Why isn't the event loop best for database communications? It's because database operations should be quick. Since their durations are short, the connection pool doesn't grow past a few dozen sockets. Therefore, the driver should optimize for latency on a few connections, rather than optimizing for RAM on a huge number of connections. Threading takes more RAM than evented I/O, but it's faster in Python, so I've switched to threads. On one of my benchmarks, the new core is 35% faster.

Motor still presents the same async API for your coroutines. You can wait for results like this with Tornado and Python 2:

@gen.coroutine
def func():
    result = yield collection.find_one()

Or like this with Tornado or asyncio on Python 3:

async def func():
    result = await collection.find_one() 

PyMongo 2.9.x

The new core is not only faster, it's also simpler, which makes it easier to port to newer PyMongo versions. I upgraded the PyMongo dependency from 2.8.0 to 2.9.x, and wrapped PyMongo 2.9's new APIs.

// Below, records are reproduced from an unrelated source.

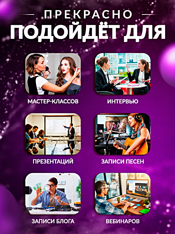 | Назначение | для интервью / для компьютера / для конференций / для подкастов/радио/телевидения / для смартфона/планшета / для стриминга / универсальный |
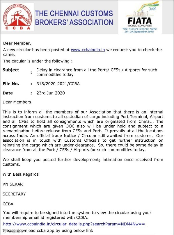 6月23日,印度金奈港口报关代理人协会(CCBA)内部也对所有会员发布了内部清关延迟通知,要求对所有来自中国的货物清关工作暂停,清关已经完成的货物也需要重新进行检查。印度海关官方目前尚未发布通知。货物的放行需要协会进一步与海关人员联系确认后才能允许,因此中国货物的清关工作将会有所延迟。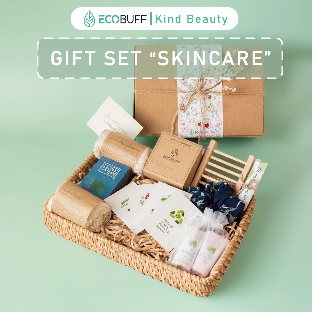 Ecobuff gift set "Skincare" với bông tẩy trang, mút rửa mặt, bánh tẩy trang, rửa mặt

PyMongo 2.9 is a bridge version that implements both the old PyMongo 2 interface and the new PyMongo 3 interface. For you, this means you can still use old PyMongo APIs with Motor 0.7, but all the new PyMongo 3 APIs are available for you to port to.

For example, you can still mutate a read preference:

client = MotorClient()
db = client.test_database
db.read_preference = ReadPreference.SECONDARY

But since mutating read preferences is prohibited in PyMongo 3, it'll be prohibited in Motor 1.0 as well. Take this opportunity to update your code for the new style:

client = MotorClient()
db = client.get_database(read_preference=ReadPreference.SECONDARY)

Most of Motor 1.0's API is now implemented in Motor 0.7, and APIs that will be removed in Motor 1.0 are deprecated and raise warnings. See the Motor Migration Guide to prepare your code for Motor 1.0.

Roadmap

I intend to release Motor 1.0 by the end of this quarter. It will be the first API-stable release—that means I promise no more backwards-breaking changes until some distant future. The latest Motor will wrap the latest PyMongo, and support the latest MongoDB server features.

But I can't do all this without you! We need to validate Motor 0.7 first. So try the beta and let me know—if it has bugs, I need to hear about it from you, and if it works, I need to hear that also.